The next "good news" we need to focus on is earnings and this week we have a few but things kick in to high gear next week when the Big Banks begin reporting on Tuesday. The early reports are going to set quite a tone into the Trade Talks so it's time to dust off our Earnings Portfolio and start looking for some nice set-ups to play into.
Other than that, STZ has been a very solid performer and should make about $8.50 per share this year so I'd say $189 is a fair price, but not a great price and, in a situation like that, we can always make an offer that WOULD be a great price, like $150/share and promise to buy STZ for $150 between now and Jan 2022 and, for that promise, someone is willing to pay us $11.50 and we are able to cement this promise by selling the 2022 $150 puts for $11.50, which drops our net entry all the way to $138.50 – 26% below the current price.
When buying a stock you like (and can afford!) for a 26% discount is your worst-case scenario – it's a good time to make the play!

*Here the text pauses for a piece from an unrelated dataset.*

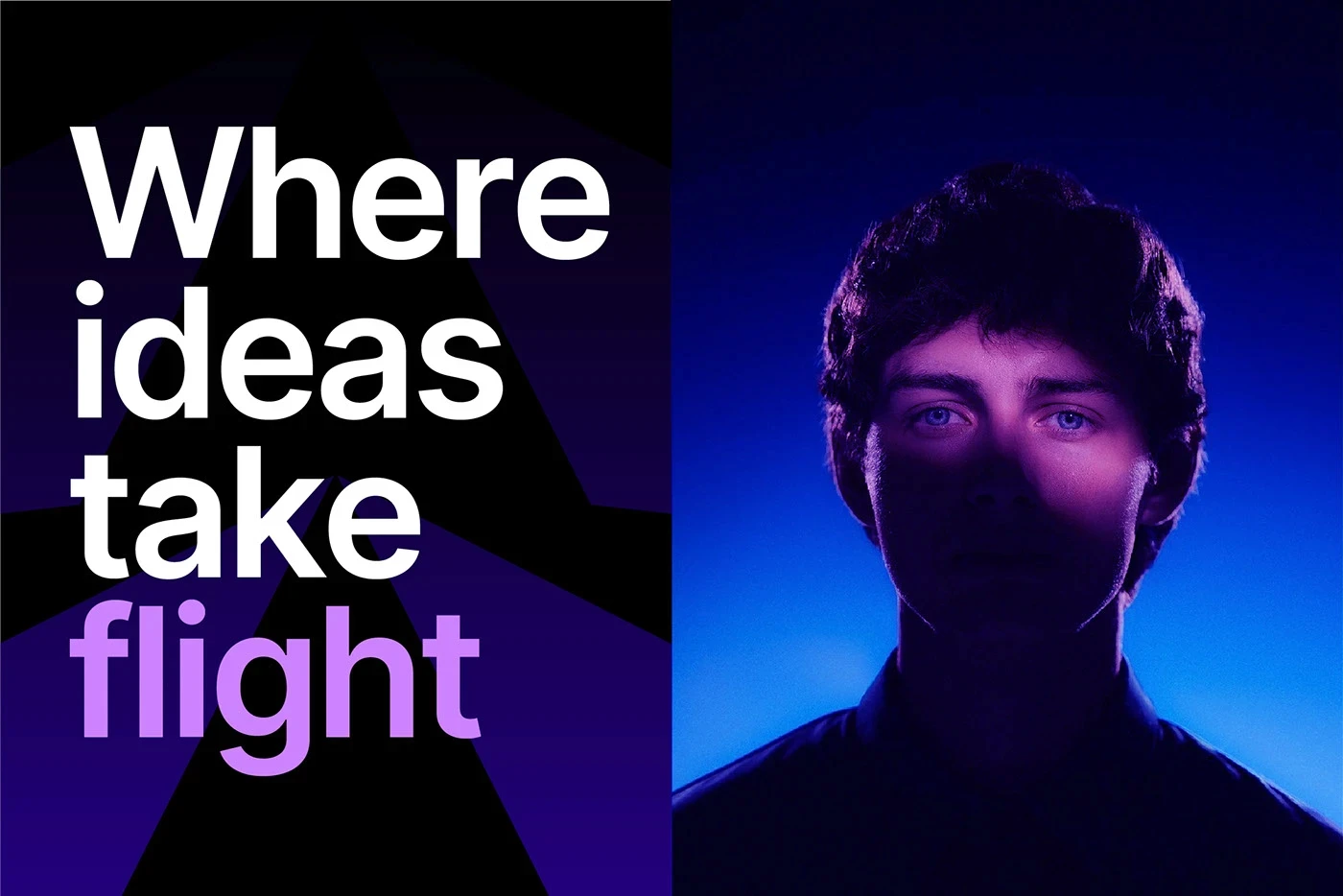 The two angular arrows represent momentum and collaboration pushing ideas forward and connecting innovators to opportunities. The gradient purple to blue palette conveys creativity, trust, and technological innovation.

Lance Roberts wrote an excellent article about Corporate Profits back in November and, rather than quote the whole thing, I strongly suggest you read it. Just before Christmas, Q3 Corporate Profits came in down $4.7Bn in the final tally and that's keeping me from getting bullish – at least until after (if) we survive these Q4 reports.
Needless to say – be careful out there!